Alexander Embiricos[01:10:56)]For me, I think that it's a little bit about when do we see the acceleration curves go like this? Or I don't know which way I'm mirrored here. When do we see the hockey stick? And I think that the current limiting factor, I mean, there's many, but I think a current underappreciated limiting factor is literally human typing speed or human multitasking speed on writing prompts. And like you were talking about, it's like you can have an agent watch all the work you're doing, but if you don't have the agent also validating its work, then you're still bottlenecked on can you go review all that code? (01:11:29): So my view is that we need to unblock those productivity loops from humans having to prompt and humans having to manually validate all the work. So if we can rebuild systems to let the agent be default useful, we'll start unlocking hockey sticks. Unfortunately, I don't think that's going to be binary. I think it's going to be very dependent on what you're building. So I would imagine that next year, if you're a startup and you're building new pieces, like some new app or something, it'll be possible for you to set it up on a stack where agents are much more self-sufficient than not.

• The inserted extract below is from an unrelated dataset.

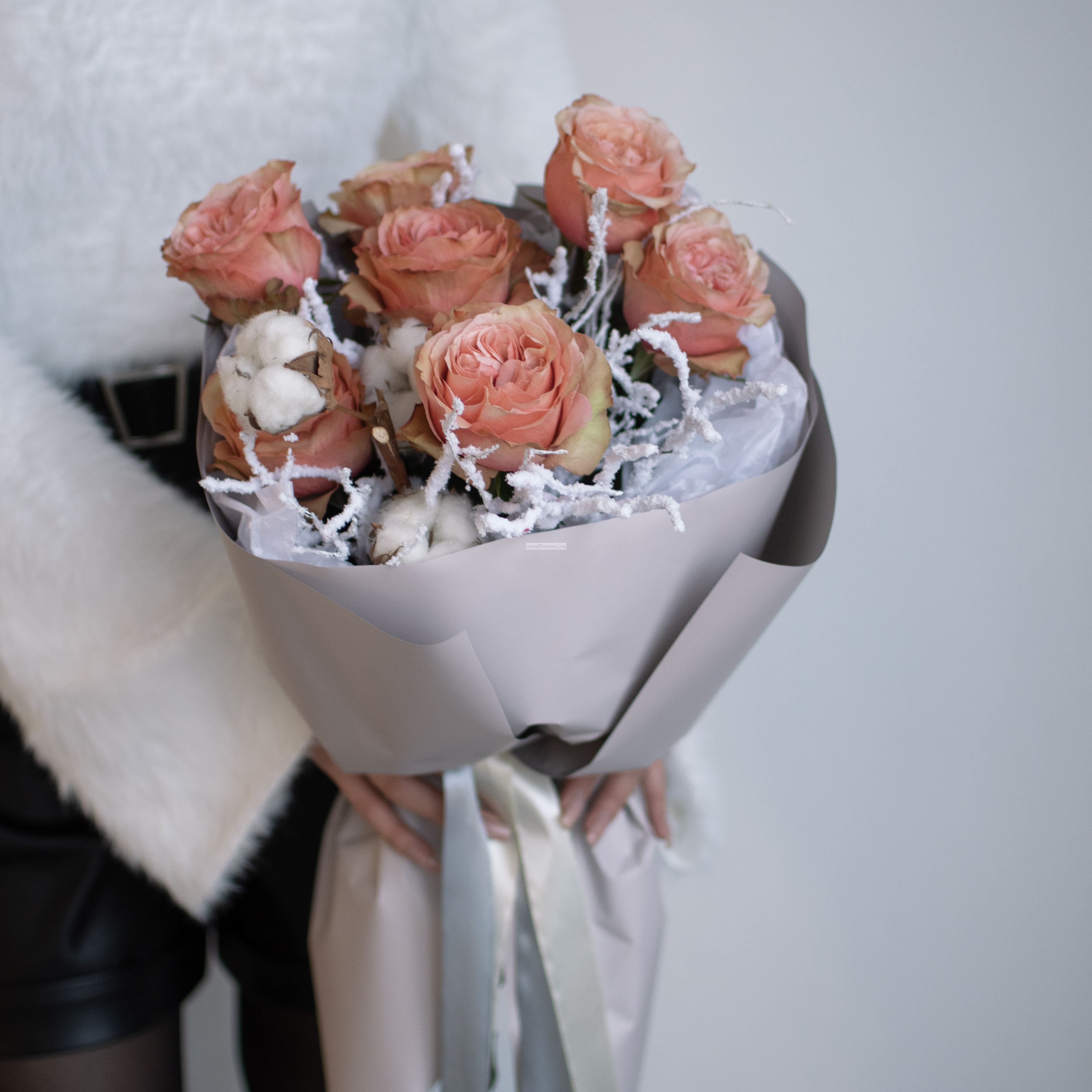 Состав: роза пионовидная кахала - 7шт., хлопок белый - 3 шт., заснеженный черничник Упаковка: тишью и матовая плёнка Размер букета: ширина - 25см., высота - 40см.

But now let's say, I don't know, you mentioned SAP, let's say you work in SAP,

they have many complex systems and they're not going to be able to just get the agent to be self-sufficient overnight in those systems. So they're going to have to slowly maybe replace systems or update systems to allow the agent to handle more of the work end to end.[01:12:22)]So basically my long answer to your question, maybe boring answer is that I think starting next year, we're going to see early adopters starting to hockey stick their productivity. And then over the years that follow,

we're going to see larger and larger companies like hockey stick that productivity. And then somewhere in that fuzzy middle is when that hockey sticking will be flowing back into the AI labs and that's when we'll basically be at the AGI tier. Lenny Rachitsky[01:12:48)]I love this answer. It's very practical and it's something that comes up a lot on this podcast. Just like the time to reveal all the things AI is doing is really annoying and a big bottleneck. I love that you're working on this because it's one thing to just make coding much more efficient and do that for people. It's another to take care of that final step of, "Okay, is this actually great?" And that's so interesting that your sense is that's the limiting factor. It comes back to your earlier point of even if AI did not advance anymore,

we have so much more potential to unlock as we learn to use it more effectively. So that is a really unique answer. I haven't heard that perspective on what is the big unlock. Human typing speed to review basically what AI is doing for us. So good.[01:13:31)]Okay, Alexander, we covered a lot of ground. Is there anything that we haven't covered? Is there anything you wanted to share, maybe double down on before we get to our very exciting lightning round?

Alexander Embiricos[01:13:43)]I think one thing is that the Codex team is growing. And as I was just saying, we're still somewhat limited by human thinking speed and human typing speed. We're working on it. So if you're an engineer or a salesperson, or I'm hiring a product person, please hit us up. I'm not sure the best way to give contact info, but I guess you can go to our jobs page, or do they have contact for you actually? Do listeners have contact for you?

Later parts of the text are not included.